Il mese di dicembre 2025 si preannuncia difficile per la mobilità in Italia, con una serie di scioperi che interesseranno diversi settori, dai trasporti pubblici locali alle compagnie marittime, passando per il comparto aereo e la logistica.
Il calendario delle mobilitazioni, pubblicato dal Ministero dei Trasporti, sottolinea come la pressione sociale stia man mano crescendo nelle settimane che precedono le festività natalizie. Di seguito andiamo a vedere insieme tutti i giorni da bollino rosso per i cittadini italiani.

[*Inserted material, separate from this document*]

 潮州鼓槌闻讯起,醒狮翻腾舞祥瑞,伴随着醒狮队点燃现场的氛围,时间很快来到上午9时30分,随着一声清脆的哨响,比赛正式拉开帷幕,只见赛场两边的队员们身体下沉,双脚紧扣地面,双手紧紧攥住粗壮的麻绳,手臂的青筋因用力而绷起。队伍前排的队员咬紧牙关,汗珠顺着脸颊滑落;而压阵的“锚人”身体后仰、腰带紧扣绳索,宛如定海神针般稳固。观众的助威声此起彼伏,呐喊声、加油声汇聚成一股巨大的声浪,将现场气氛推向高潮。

Scioperi dicembre 2025: Tutte le date e le fasce di garanzia

Il primo appuntamento è fissato per il 9 dicembre a Roma, dove il trasporto pubblico locale si fermerà per 24 ore. Lo sciopero, indetto dalla sigla Osr Sul, coinvolgerà autobus, tram e metropolitane, con inevitabili ripercussioni sulla circolazione nella Capitale. La protesta si inserisce in un contesto di tensione crescente, con i lavoratori che chiedono maggiore attenzione alle condizioni di servizio e alla tutela occupazionale.
Sempre dal 9 dicembre, ma con durata di 48 ore, si mobiliteranno i dipendenti delle compagnie di navigazione Tirrenia CIN e Moby. La protesta, che terminerà l’11 dicembre, riguarda il personale marittimo e amministrativo e nasce dalle preoccupazioni per il ridimensionamento delle attività aziendali. Secondo i sindacati, la flotta sarebbe stata ridotta drasticamente, con conseguenze dirette sull’occupazione e sulla continuità dei collegamenti, come dimostra la sospensione della tratta Napoli-Palermo.

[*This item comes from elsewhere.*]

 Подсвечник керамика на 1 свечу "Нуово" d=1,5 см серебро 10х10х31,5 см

Il 12 dicembre sarà invece la giornata dello sciopero generale indetto dalla Cgil contro la legge di bilancio. L’iniziativa, presentata durante l’assemblea nazionale «Democrazia al lavoro» a Firenze, vedrà la partecipazione del segretario Maurizio Landini e punta a contestare una manovra ritenuta ingiusta e penalizzante per i lavoratori. La mobilitazione avrà un impatto diffuso, coinvolgendo diversi comparti produttivi e di servizio.
Il 17 dicembre toccherà al settore aereo, con il personale della compagnia Vueling che si fermerà per quattro ore, dalle 13 alle 17. Lo sciopero, proclamato da Uilt, Uil e Usb, potrebbe causare ritardi e cancellazioni, incidendo sui viaggiatori in un periodo di forte affluenza negli aeroporti italiani.

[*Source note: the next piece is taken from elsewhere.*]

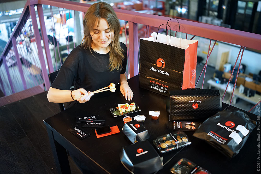 Manager Olga Kallaur studies the packaging of takeaway delivered from Yakitoriya restaurant.
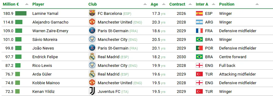 Além de ser o defensor com maior valor de mercado, Lucas Beraldo aparece como o 11º jogador sub-21 mais valorizado, atrás apenas de Lamine Yamal, do Barcelona, Savinho, do Manchester City, e a dupla Endrick e Arda Güler, do Real Madrid.

Infine, dal 22 al 24 dicembre, è prevista una serrata di 72 ore nel comparto della logistica. A fermarsi saranno gli autisti e il personale viaggiante di Number 1 Logistic Group, con conseguenze sull’autotrasporto merci a livello nazionale. La protesta, indetta da FAO Cobas e altre sigle di base, rischia di rallentare la distribuzione in un momento cruciale per il commercio e le consegne legate alle festività.